* **ASSIGNMENT**
From the entries below, copy exactly the lines from the one that contains "GXG男装 鹅绒保暖连帽羽绒服男通勤24年冬热卖G24XY24022" through the one that contains "The necklace unites", both included, and only those.

═══

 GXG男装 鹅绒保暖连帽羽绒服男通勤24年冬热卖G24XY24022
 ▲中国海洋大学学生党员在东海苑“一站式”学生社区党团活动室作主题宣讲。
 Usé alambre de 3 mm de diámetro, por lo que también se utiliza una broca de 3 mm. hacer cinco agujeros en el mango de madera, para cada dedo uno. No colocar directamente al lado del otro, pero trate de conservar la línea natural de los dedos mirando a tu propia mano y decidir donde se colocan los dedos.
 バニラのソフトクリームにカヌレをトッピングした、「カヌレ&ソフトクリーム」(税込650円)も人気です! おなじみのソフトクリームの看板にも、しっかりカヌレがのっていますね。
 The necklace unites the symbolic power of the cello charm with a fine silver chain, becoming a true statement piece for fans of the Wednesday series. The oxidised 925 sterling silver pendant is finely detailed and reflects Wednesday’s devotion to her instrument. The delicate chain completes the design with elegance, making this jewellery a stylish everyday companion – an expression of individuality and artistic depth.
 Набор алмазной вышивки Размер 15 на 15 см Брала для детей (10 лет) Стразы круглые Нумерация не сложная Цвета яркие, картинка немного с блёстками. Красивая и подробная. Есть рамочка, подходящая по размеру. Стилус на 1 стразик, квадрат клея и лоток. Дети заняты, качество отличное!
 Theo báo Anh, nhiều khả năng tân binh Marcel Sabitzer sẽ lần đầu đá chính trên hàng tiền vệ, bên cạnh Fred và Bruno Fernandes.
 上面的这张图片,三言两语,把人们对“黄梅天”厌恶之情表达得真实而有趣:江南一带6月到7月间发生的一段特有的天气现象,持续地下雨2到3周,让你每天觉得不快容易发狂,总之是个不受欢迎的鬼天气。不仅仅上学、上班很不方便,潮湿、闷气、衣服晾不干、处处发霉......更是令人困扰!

═══

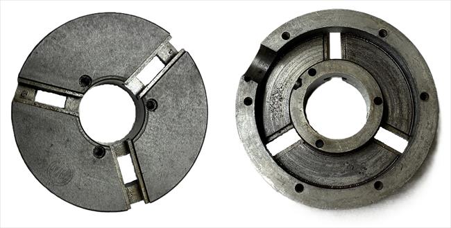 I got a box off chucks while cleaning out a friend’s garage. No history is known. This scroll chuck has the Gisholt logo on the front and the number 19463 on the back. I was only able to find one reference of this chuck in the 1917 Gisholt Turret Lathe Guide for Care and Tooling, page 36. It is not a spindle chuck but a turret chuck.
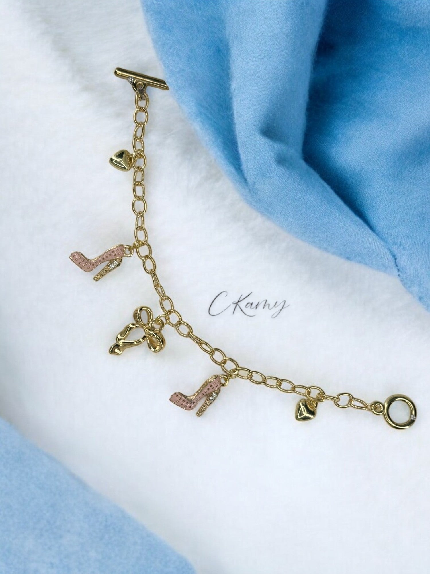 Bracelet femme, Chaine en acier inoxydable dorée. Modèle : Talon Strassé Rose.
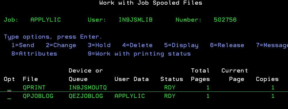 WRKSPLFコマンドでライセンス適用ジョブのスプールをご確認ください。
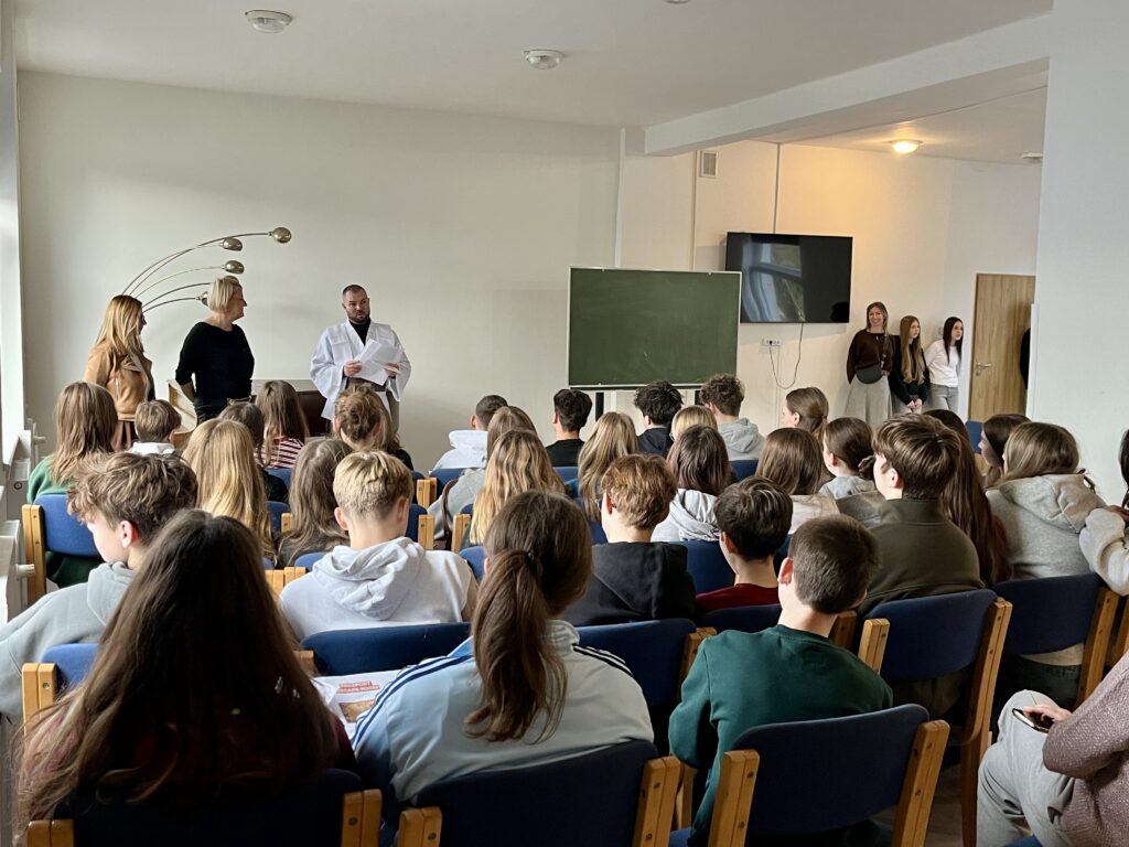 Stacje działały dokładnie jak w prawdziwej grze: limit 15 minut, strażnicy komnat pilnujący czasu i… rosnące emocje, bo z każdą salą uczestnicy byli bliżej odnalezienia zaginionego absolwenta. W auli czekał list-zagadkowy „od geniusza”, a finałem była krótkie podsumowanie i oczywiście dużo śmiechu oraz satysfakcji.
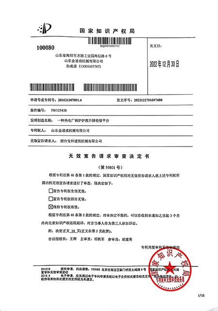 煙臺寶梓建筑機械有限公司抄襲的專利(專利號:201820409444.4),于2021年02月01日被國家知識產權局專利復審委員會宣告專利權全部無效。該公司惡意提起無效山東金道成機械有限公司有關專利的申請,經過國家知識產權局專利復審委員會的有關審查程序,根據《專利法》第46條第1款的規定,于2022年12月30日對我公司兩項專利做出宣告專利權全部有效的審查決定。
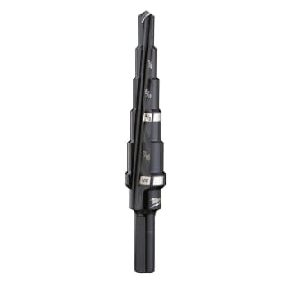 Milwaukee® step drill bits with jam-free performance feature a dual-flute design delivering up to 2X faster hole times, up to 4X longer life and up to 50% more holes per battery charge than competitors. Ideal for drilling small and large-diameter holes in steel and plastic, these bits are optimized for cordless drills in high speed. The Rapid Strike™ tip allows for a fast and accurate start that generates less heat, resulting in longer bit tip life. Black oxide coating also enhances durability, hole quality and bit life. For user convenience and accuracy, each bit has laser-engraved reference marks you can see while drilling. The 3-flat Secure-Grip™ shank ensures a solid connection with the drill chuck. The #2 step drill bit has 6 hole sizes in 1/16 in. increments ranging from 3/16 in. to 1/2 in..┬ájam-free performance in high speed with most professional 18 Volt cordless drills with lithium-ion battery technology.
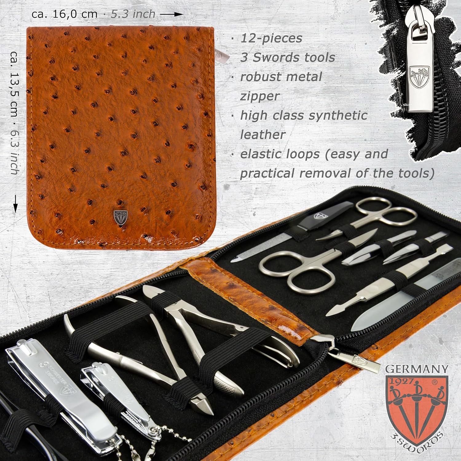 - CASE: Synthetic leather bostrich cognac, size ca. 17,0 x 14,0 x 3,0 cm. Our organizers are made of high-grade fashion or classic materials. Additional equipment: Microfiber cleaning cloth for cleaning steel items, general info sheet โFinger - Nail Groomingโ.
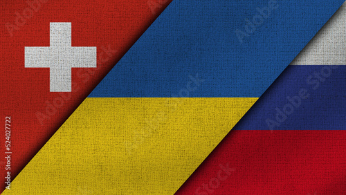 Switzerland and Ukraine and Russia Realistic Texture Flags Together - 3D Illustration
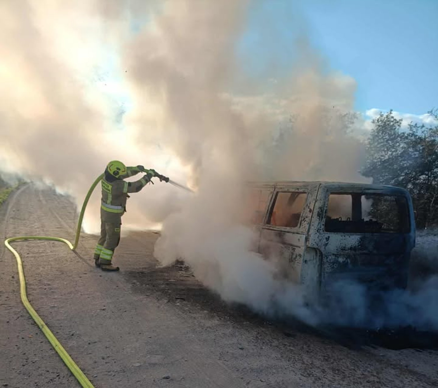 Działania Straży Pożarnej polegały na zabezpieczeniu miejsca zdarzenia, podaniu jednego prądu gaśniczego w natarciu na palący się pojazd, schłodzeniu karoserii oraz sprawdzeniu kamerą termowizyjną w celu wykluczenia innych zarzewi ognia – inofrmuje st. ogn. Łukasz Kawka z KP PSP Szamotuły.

═══

* **EXERCISE OUTPUT**
 GXG男装 鹅绒保暖连帽羽绒服男通勤24年冬热卖G24XY24022
 ▲中国海洋大学学生党员在东海苑“一站式”学生社区党团活动室作主题宣讲。
 Usé alambre de 3 mm de diámetro, por lo que también se utiliza una broca de 3 mm. hacer cinco agujeros en el mango de madera, para cada dedo uno. No colocar directamente al lado del otro, pero trate de conservar la línea natural de los dedos mirando a tu propia mano y decidir donde se colocan los dedos.
 バニラのソフトクリームにカヌレをトッピングした、「カヌレ&ソフトクリーム」(税込650円)も人気です! おなじみのソフトクリームの看板にも、しっかりカヌレがのっていますね。
 The necklace unites the symbolic power of the cello charm with a fine silver chain, becoming a true statement piece for fans of the Wednesday series. The oxidised 925 sterling silver pendant is finely detailed and reflects Wednesday’s devotion to her instrument. The delicate chain completes the design with elegance, making this jewellery a stylish everyday companion – an expression of individuality and artistic depth.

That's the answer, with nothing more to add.